Income Growth Management, Inc. (“IGM”) is the sole general partner. The general partner has made no cash capital contributions to date. As of December 31, 2002, there were 1,984 limited partners in the Partnership.

The Partnership has no full-time employees. Employees of corporations affiliated with the general partner perform certain administrative and other services on behalf of the Partnership (see Item 12). The Partnership’s executive offices are located at 11230 Sorrento Valley Road, Suite 220, San Diego, California 92121 and the Partnership’s telephone number is (858) 457-2750.

Financing Strategy

The Partnership seeks to minimize the cost of financing its properties and will refinance existing loans from time to time to take advantage of prevailing market conditions.

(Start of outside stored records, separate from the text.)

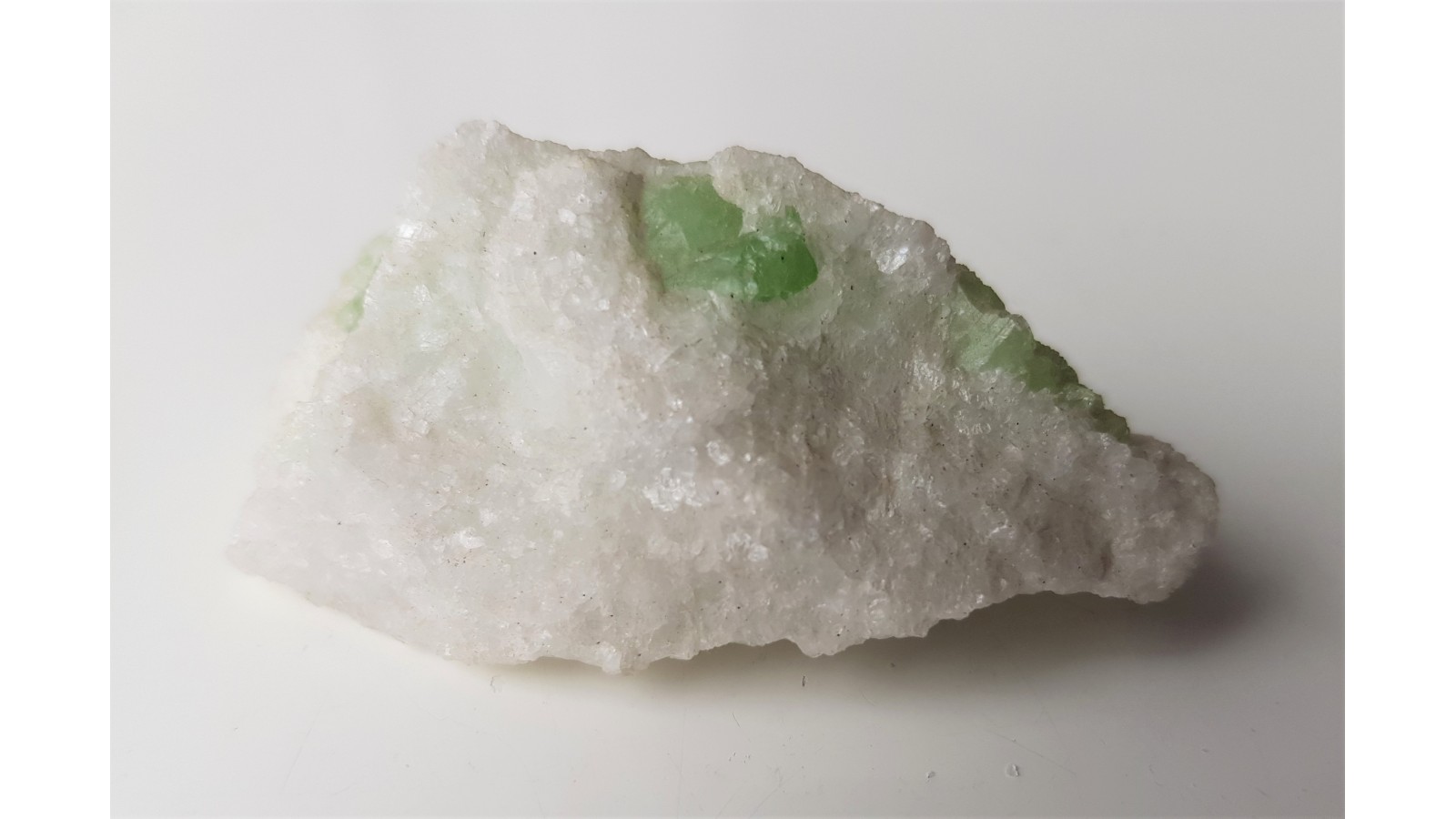 Wrośnięte w marmur kryształy rzadkiej, intensywnie zielonej, wanadowej odmiany diopsydu (ławrowit) ze Sludianki nad Bajkałem. Bardzo ładny kontrast kolorystyczny. Widoczne ścianki kryształów oraz powierzchnie łupliwości wrośniętych kryształów ławrowitu. Pięknie przęświeca pod światło co zostało uwidocznione na zdjęciu. Bardzo rzadki minerał oraz lokalizacja. Polecam.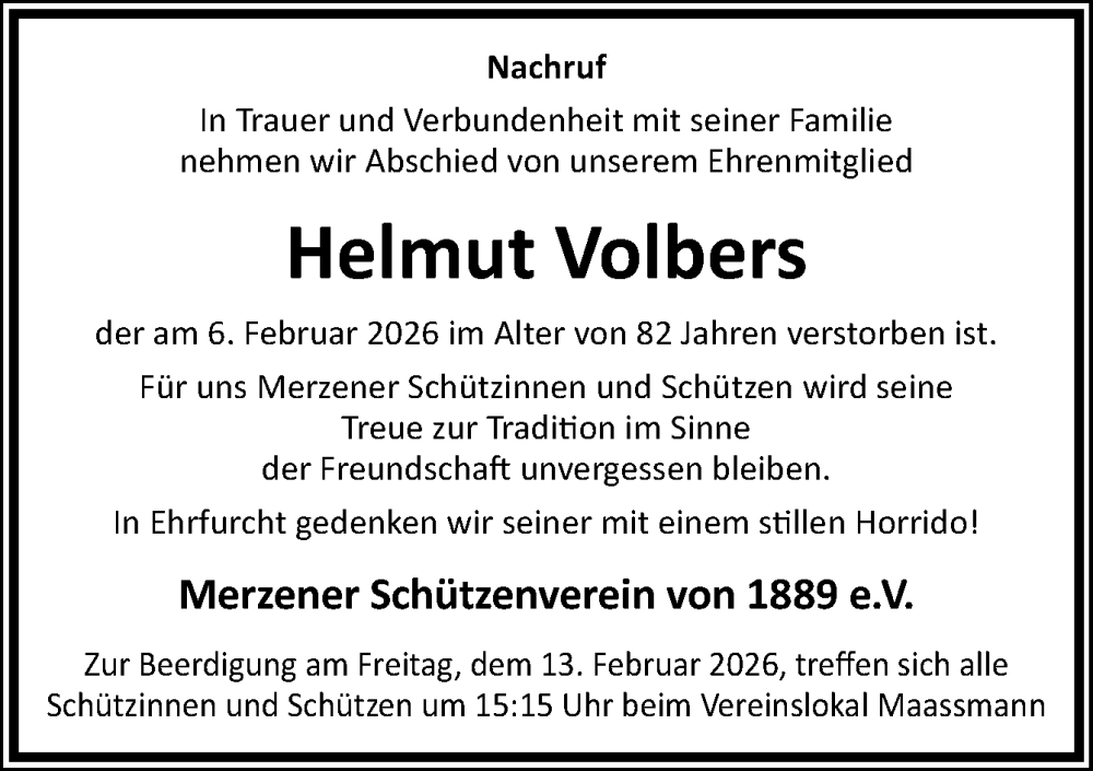 Hier finden Sie alle Traueranzeigen aus der Zeitung, die bisher für Helmut Volbers erschienen sind. Weitere Traueranzeigen, die in der Zeitung erscheinen, werden hier ebenfalls aufgelistet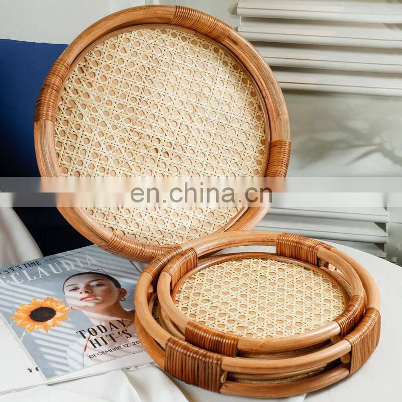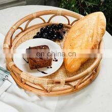 Hand weave Rattan tray round coffee table Serving Tray for Table Handwoven Basket for Breakfast Wholesale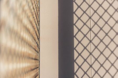 Abstract texture of metal grid on concrete wall with shadows and light play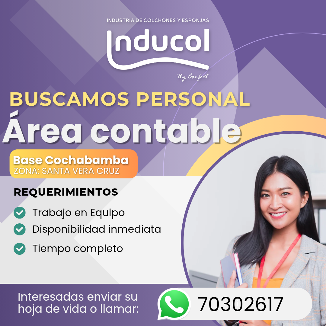👩💼 Únete al equipo InducolBuscamos Contadora con disponibilidad inmediata,manejo de Excel y ganas de crecer profesionalmente.📍 Base Cochabamba – Av. Petrolera📲 Postula enviando tu CV al 70302617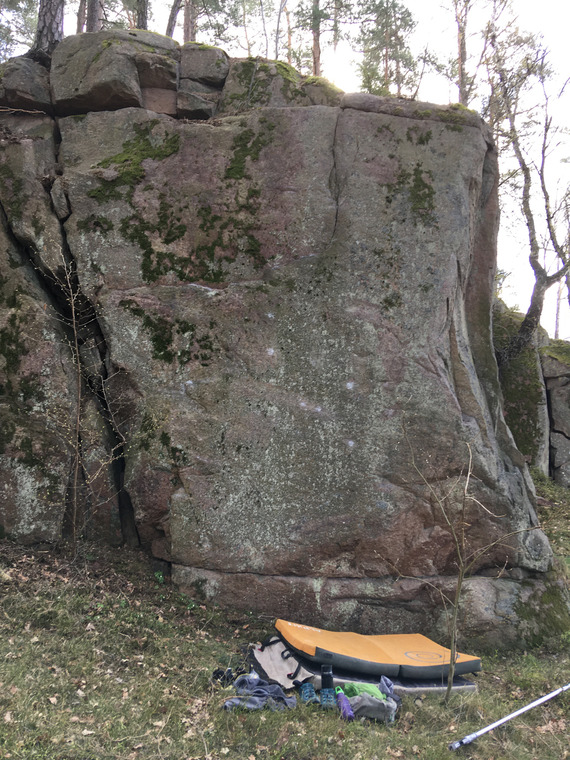 Should probably have a route grade instead. It would be E5 on gritstone!. Start on the left side of the slab. Tricky move to the crimp rail (not allowed to use the wide crack). Traverse the crimp rail and then the vertical seam. Highball!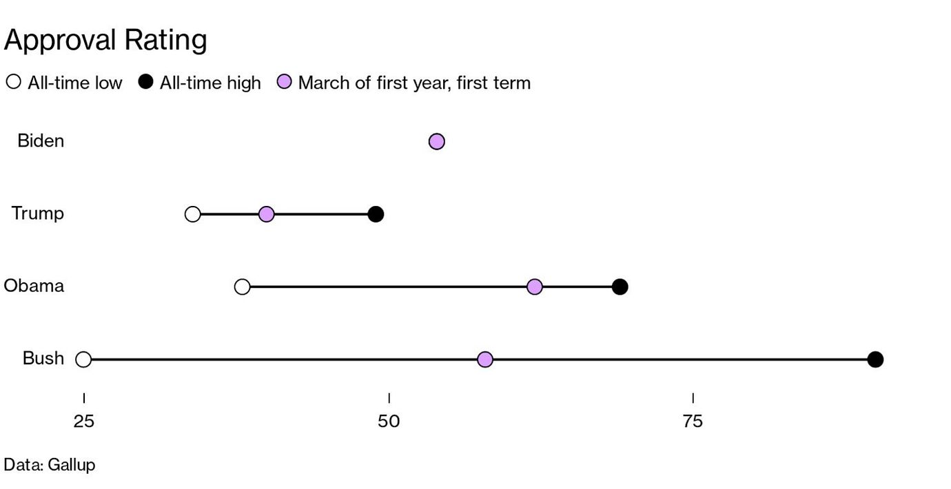 The challenges remain stark. Vaccine hesitancy may snarl efforts to end the pandemic. If Biden’s next big bills don’t pass Congress, his sweeping agenda may not be very memorable. Republicans intend to keep hammering him on immigration, and he’ll only face more foreign policy hurdles in confronting China, Russia, and Iran and pulling troops out of Afghanistan.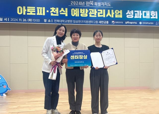 [파이낸셜경제=김영란 기자] 진안군보건소가 2024년 아토피·천식 예방관리사업 성과대회 및 2024년 만성질환 연구포럼에서 우수기관으로 선정돼 보건복지부 장관 표창과 전북특별자치도 아토피·천식 교육정보센터장상을 수상했다.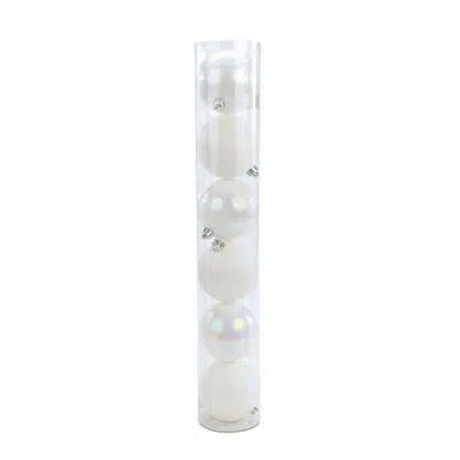 Bolas decorativas de Natal, sendo 2 lisa, 2 glitter e 2 nacarado na cor branca. Embalagem com 6 unidades de 10 cm de diâmetro cada.

The Mission Park and Shadow Ridge Meadows properties were refinanced to prevailing rates during 1995 and 1997, respectively.

Competitive Conditions

Changes in the national and regional economic climates, changes in local real estate conditions, such as the oversupply of apartments or a reduction in demand for apartments, competition from single-family housing, apartment properties and other forms of multifamily residential housing, the inability to provide adequate maintenance and to obtain adequate insurance, increased operating costs, changes in zoning, building, environmental, rent control and other laws and regulations, the costs of compliance with current and future laws, changes in real property taxes and unusual occurrences (such as earthquakes and floods) and other factors beyond the control of the Partnership may adversely affect the income from, and value of, the Partnership’s properties.

Leases and Inflation

Substantially all of the leases at the Partnership’s apartment properties are for a period of one year or less, allowing, at the time of renewal, for adjustments in the rental rate and the opportunity to release the apartment unit at the prevailing market rate. The short-term nature of these leases generally serves to minimize the risk to the Partnership of the adverse effect of inflation and the Partnership does not believe that inflation has had a material adverse impact on its revenues.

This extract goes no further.